Economic Damages
Discussion Paper Series
Sketch of a Salary Regression Model
The fundamentals of statistical analysis are not difficult to understand. Many statistical analysis reports are heavy with mathematical symbols, but do not take much more than basic arithmetic to gain a basic understanding of a statistical analysis, including more advanced techniques such as linear regression.
1. Construct an analysis dataset.
After company level data is received, a dataset that is organized into one table composed of uniquely defined rows and columns is constructed from the raw electronic data. The most common datasets are constructed as employee data snapshots. In these types of datasets, referred to as cross-sectional datasets, each row of the dataset contains employment factors for one employee at a given point in time such as the end of the year. Each column contains information about one specific employment factor such as the salary grade at a given point in time.

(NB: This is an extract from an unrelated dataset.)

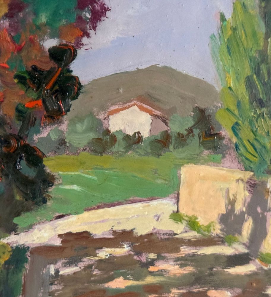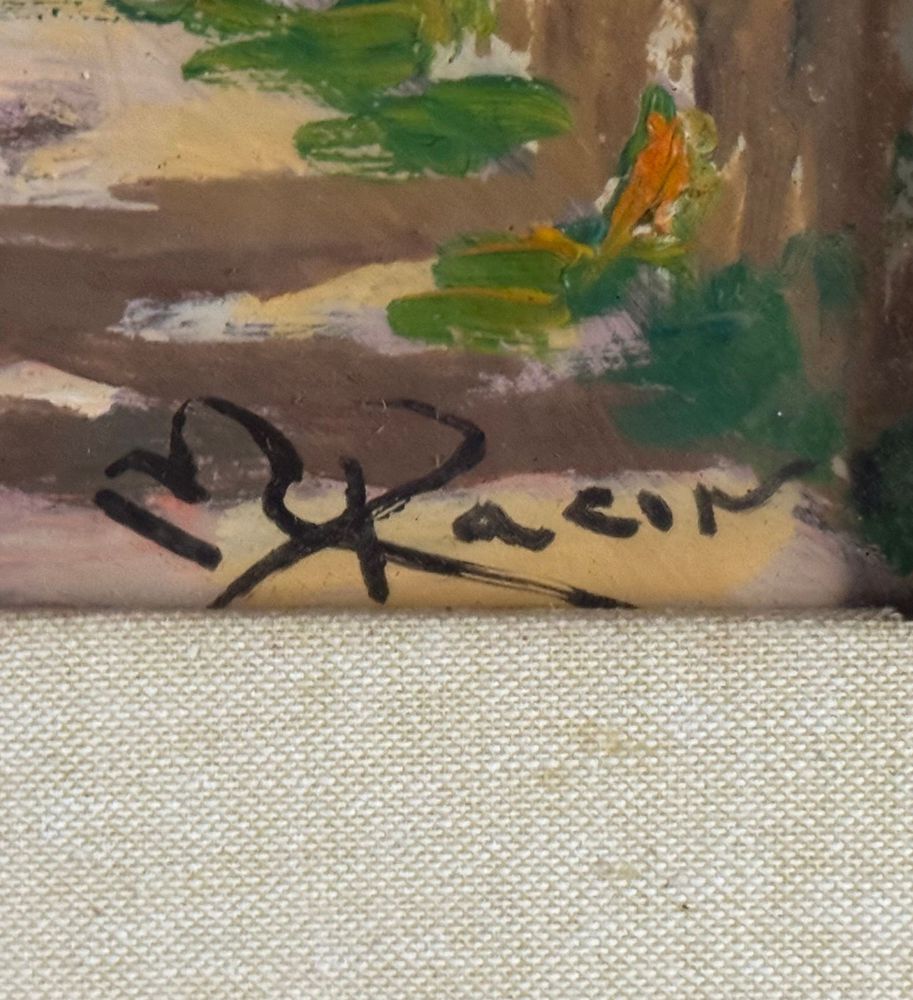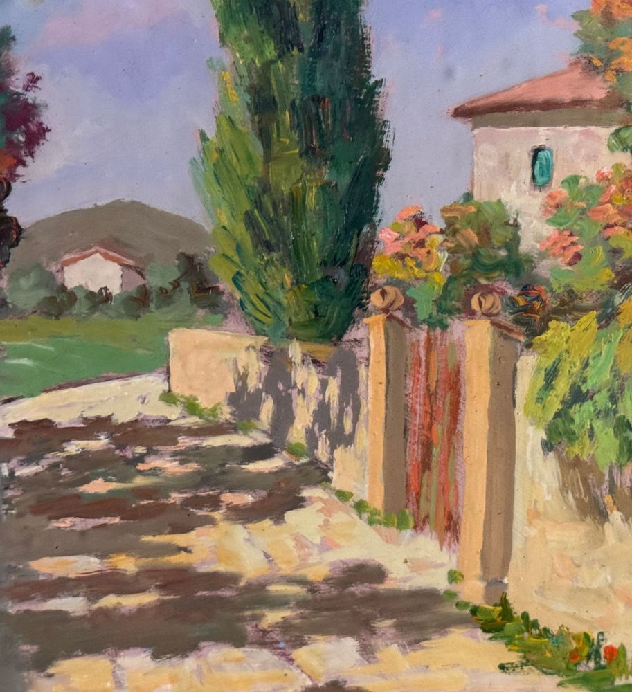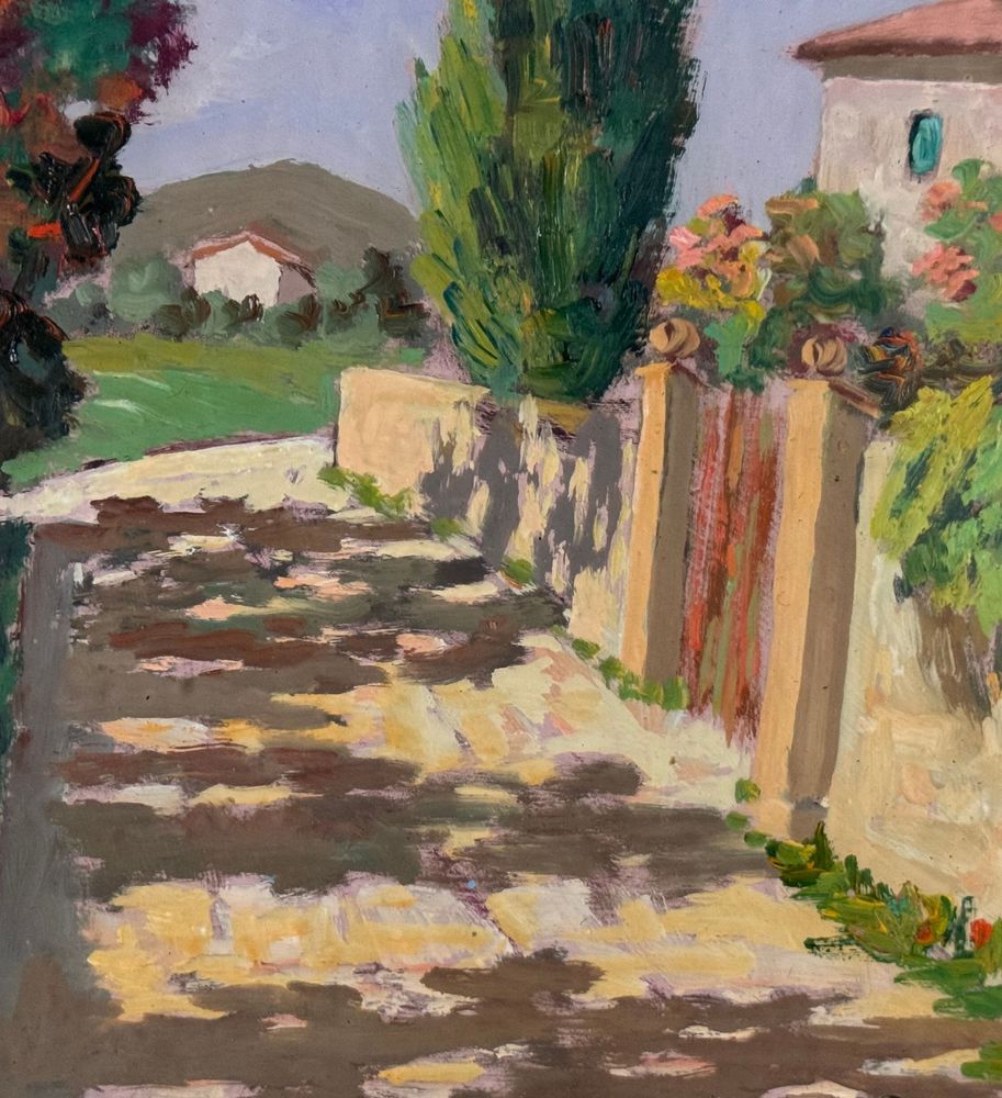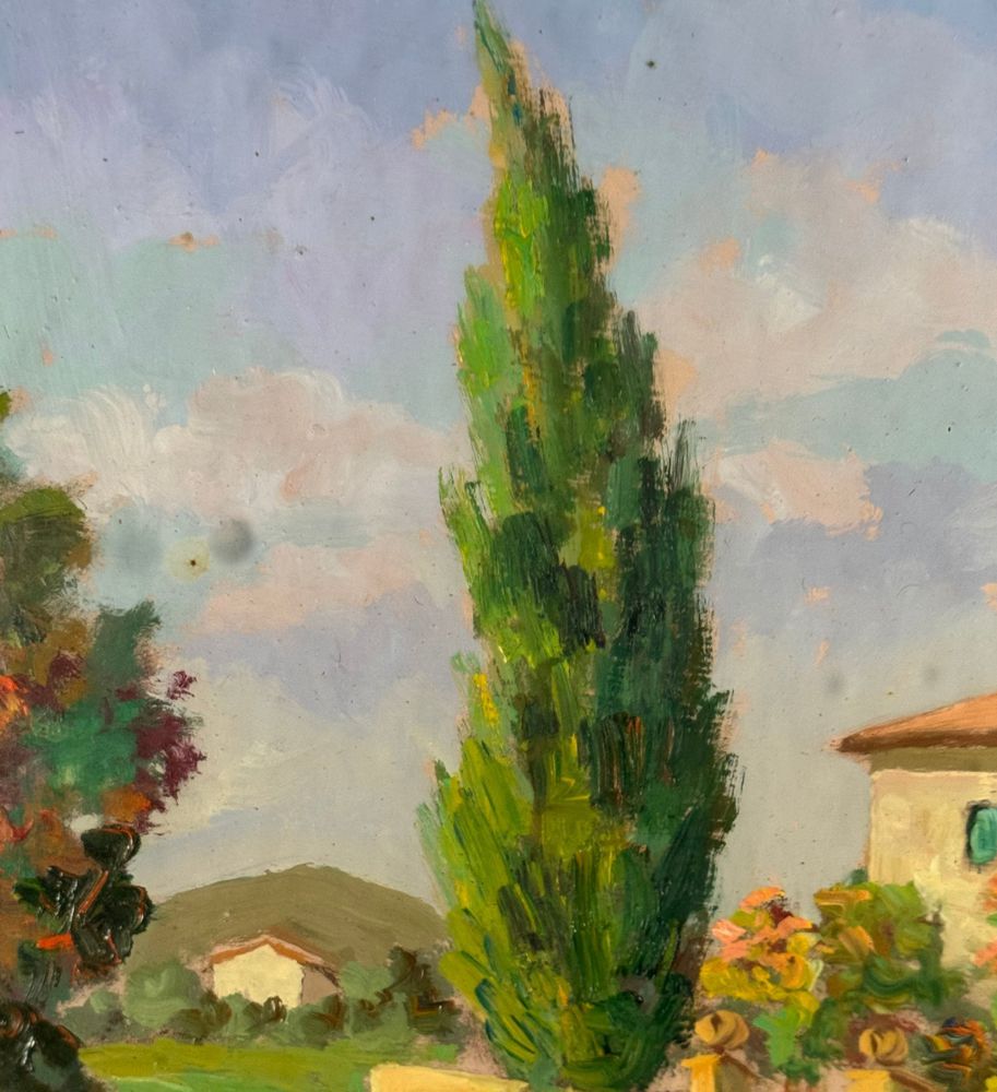Pacini - Dipinto olio su pannello, periodo XX secolo, scuola Italiana raffigurante Stradina di campagna. Dimensioni compreso cornice: 54x63,5 cm. Dimensioni interno cornice: 30x40 cm. Firmato in basso a destra Pacini. Opera in buone condizioni.

2. Estimate mathematical model.
The analysis dataset constructed in the first step of the analysis, is used to construct a mathematical representation of the employment factors that are correlated with an employee’s salary. The mathematical representation of these factors is referred to as a salary regression model. In its purest form, the salary regression model is nothing more than a simple equation that describes what (and how much) different employment factors affect a person’s salary.
3. Make inferences.
The mathematical representation of the salary process (salary regression model) is typically used to make two types of inferences. First, the salary regression model can be used to predict an employee’s salary given the employee’s salary grade, job location, and other relevant factors. Second, and more common in litigation settings, the salary regression model is used to make inferences about the importance of any disparity in salary levels between protected group and non-protected group members. The significance of the salary disparity is inferred by determining how likely the salary disparity would have been generated by sheer random chance.